A central highlight of the period was the successful demonstration of electrified steam cracking at TRL 7 using Coolbrook’s pilot RDR facility. This marked the starting point of processing a full spectrum of plastic waste-derived pyoil using this advanced, electrified approach.
The project’s life cycle and process analyses revealed that full electrification of the steam cracking process, particularly when integrated with other plant operations and powered by renewable electricity, could drastically reduce greenhouse gas emissions.
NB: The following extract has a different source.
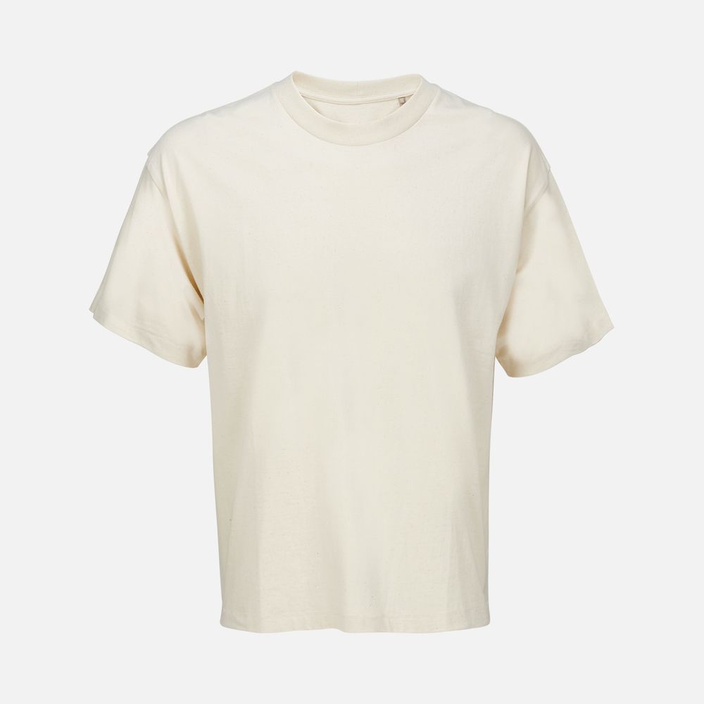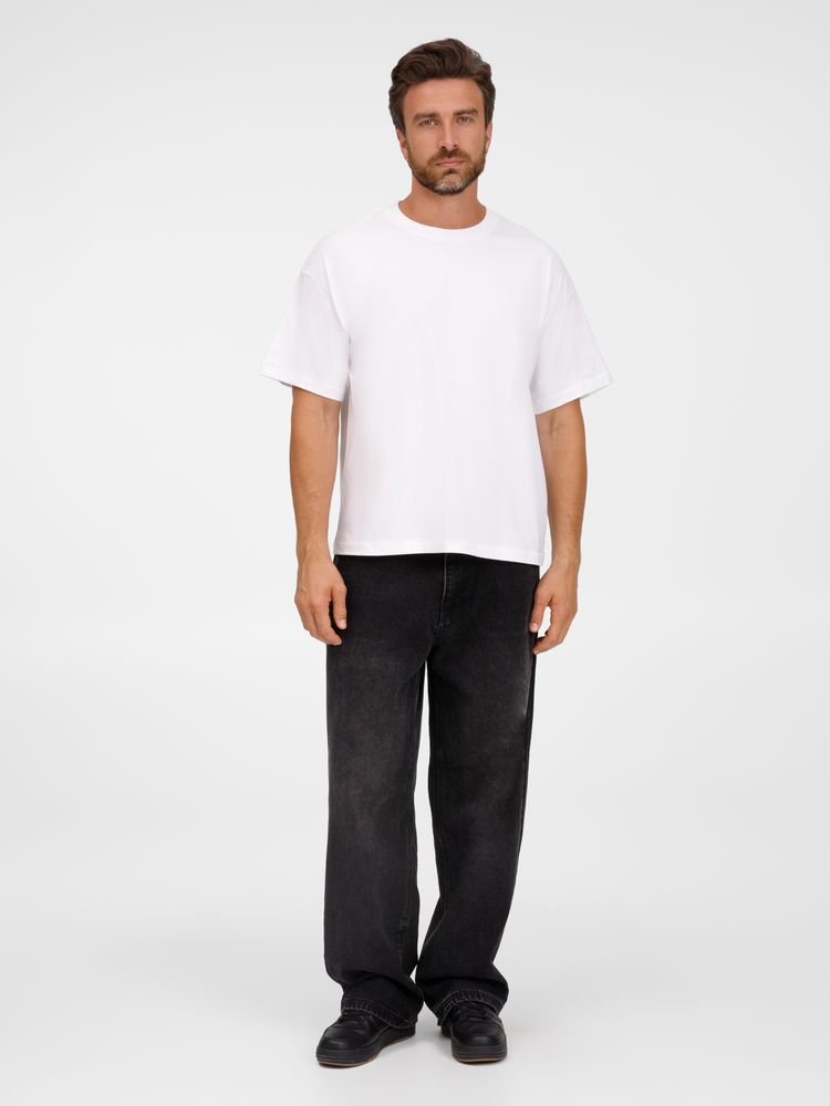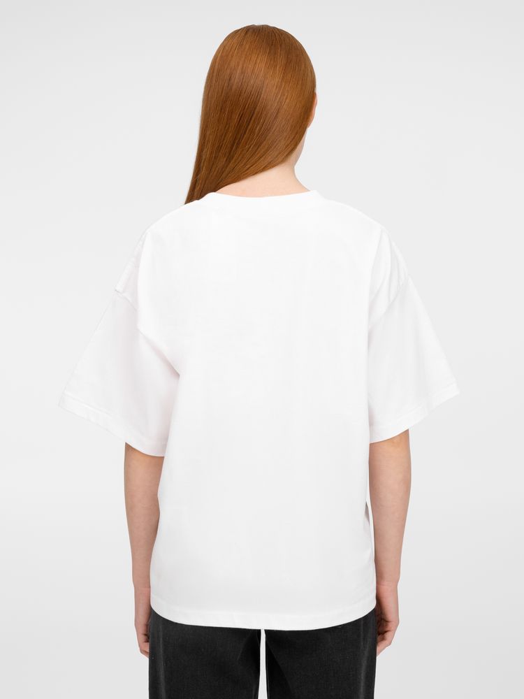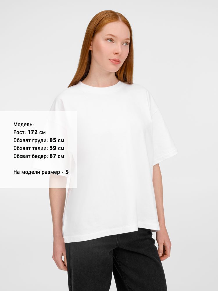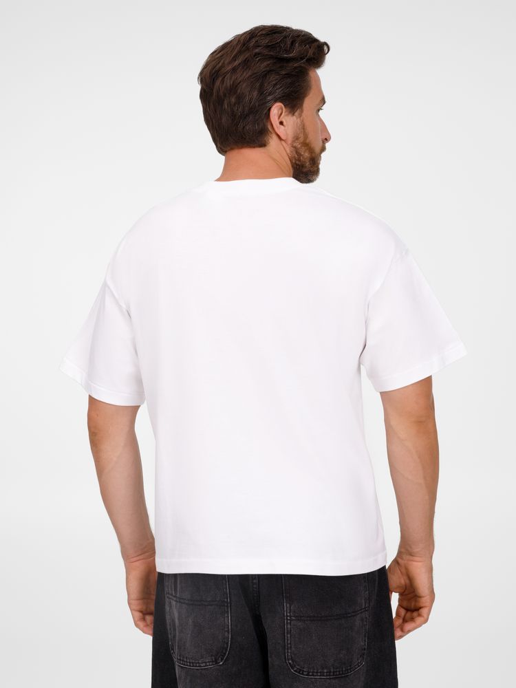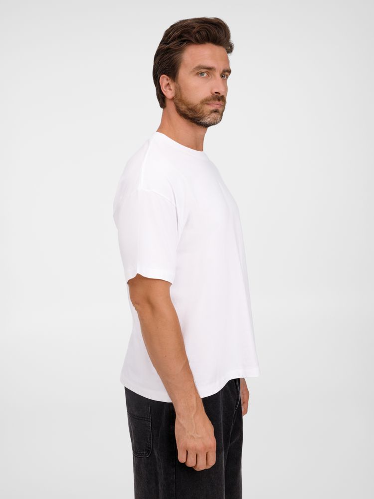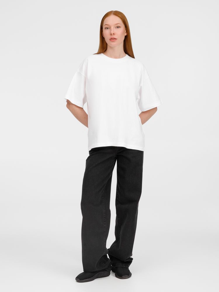 Футболка оверсайз унисекс с круглым вырезом и без боковых швов. Выполнена из смеси органического и обычного хлопка. Благодаря повышенной плотности отлично держит форму.

This finding points to a clear pathway for industrial decarbonization.
Beyond the technical achievements, the eLECTRO project placed strong emphasis on communication and knowledge dissemination.

To enhance efficiency in feedstock analysis, the project introduced innovative analytical methods, enabling a more precise assessment of elemental composition, additives, and the distribution of polymer properties such as tacticity and molar mass. Refined protocols were established for comprehensive product spectrum analysis across PRYME’s R&D and TRL7 pyrolysis facilities, allowing for accurate quantification of metal contaminants and evaluation of feedstocks and outputs from Coolbrook’s pilot operations. Early feasibility studies indicate that, with optimised grid integration and drive solutions, full electrification of large-scale cracking facilities is achievable. For the GHG Emissions Reduction, scenario analyses reveal that integrating electrification and co-location can achieve greenhouse gas emission reductions exceeding 90%, especially when powered by renewable energy sources. The project has already completed initial pyoil trials, and a newly designed RotoDynamic Reactor™ (RDR™) geometry has demonstrated enhanced operational performance in pilot-scale testing. Furthermore, catalytic upgrades using both synthetic and natural zeolites have effectively reduced wax content, minimised gas by-products, and increased production of lighter, more valuable hydrocarbon fractions.